Laury Hammel founded the Longfellow Clubs in 1980, starting with one tennis club outside Boston. The Longfellow Clubs is now a group of health and sports clubs, holistic health centers, children's centers, and camps that serve 12,000 members and an additional 10,000 clients every year. The Longfellow Clubs are the 54th largest health club business in the US, and they have $16 million in revenues. Its programs include tennis classes for people with special needs, alcohol-free overnight prom parties, and discounted memberships for local town employees. Longfellow has become a recognized industry leader in innovative business practices, social responsibility, and community service.
While at the University of Utah in the sixties, Laury was active in the civil rights, peace, and environmental movements.
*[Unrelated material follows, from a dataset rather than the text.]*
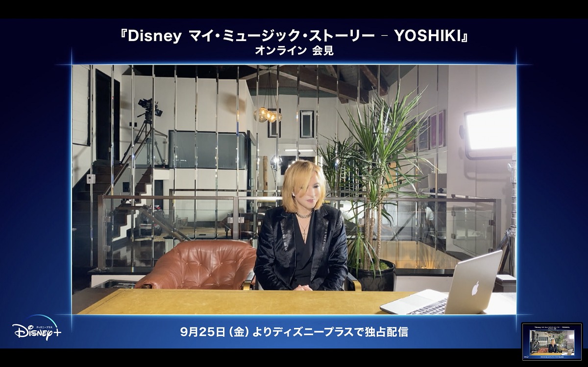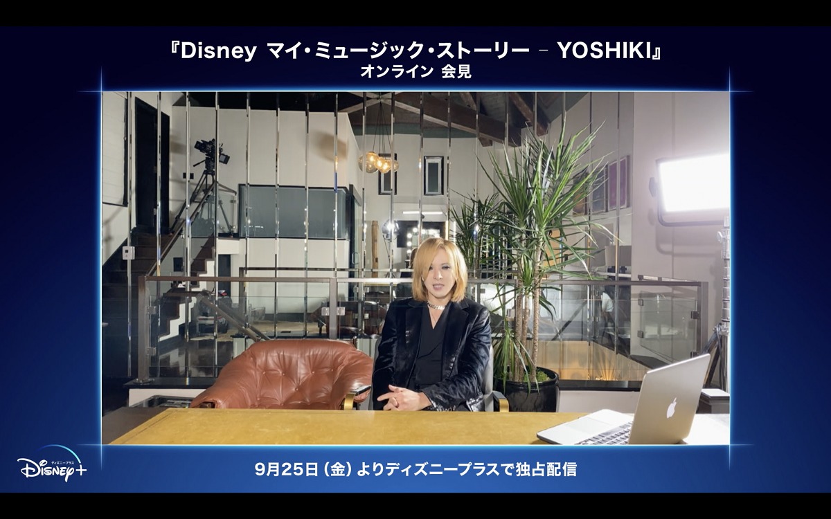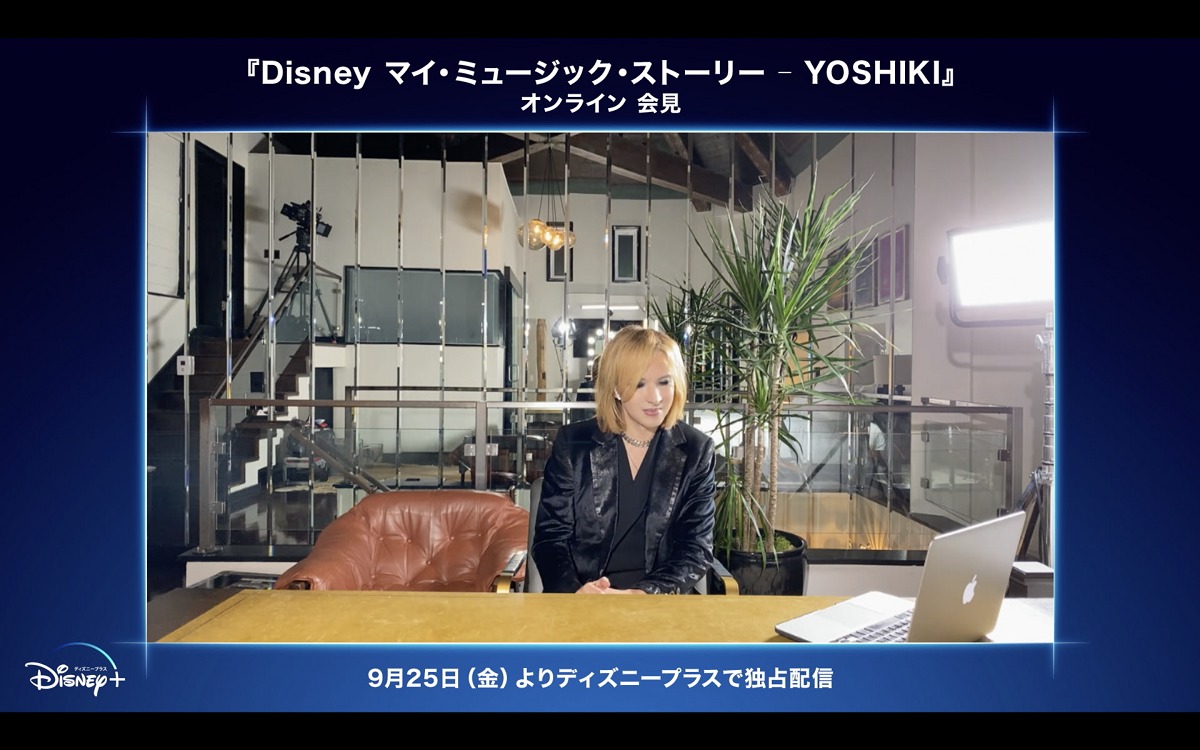 オンライン記者会見には、アメリカ・ロサンゼルスよりYOSHIKIが参加。番組『Disney マイ・ミュージック・ストーリー – YOSHIKI』について、本編では語られなかった裏側を含め、本人の口から様々な話が飛び出した。

Laury's story is that of an entrepreneur who built a business by creating innovative products that met real community needs. He rejected the prevailing way of doing business - making the single bottom line of profits paramount. Instead, he valued the relationships with all stakeholders and measured success by tracking multiple bottom lines.
The Longfellow mission: "To build a world where everyone's basic needs are met, and people experience love, happiness, and fulfillment. To create a model organization, through the development of successful health and recreation clubs, that works toward the attainment of our global vision." Laury and his staff regularly ask themselves questions such as, "Is our business doing all we can to make our world a better place?" and "What can we do to enhance the health and well-being of our community locally and globally?" Longfellow has received many awards, including the New England Socially Responsible Business Award in 1990.
In 1977, Laury founded the nation's longest running tennis program for children with special needs and the Handi-Racket Tennis Program is still going strong. Longfellow also developed a unique partnership with the Sportsmen's Tennis Club, an inner-city Boston club with a long and proud tradition of teaching children tennis and life skills. In the mid-90's Sportsmen's had fallen on hard times and was close to going out of business. In October of 1997, Longfellow signed a $1/year contract to manage the Sportsmen's Tennis Club. This partnership has become a genuine success story. When the partnership ended, five years later, Sportsmen's had grown the program from 43 children to over 500 children taking classes every week.
In 1988, Laury gathered like-minded business leaders and founded New England Businesses for Social Responsibility (NEBSR), and in 1991 he founded the national organization Business for Social Responsibility (BSR). This organization has since grown to be the major US leader in working with large corporations to improve the social and environmental responsibility of their business practices.
In 1997, Laury founded the International Symposium on Spirituality and Business which is the longest running program in North America that focuses on the relationship of spirituality and business. Hundreds of people have participated in this symposium, sharing ideas and listening to business leaders who have successfully integrated their values with the operation of their business.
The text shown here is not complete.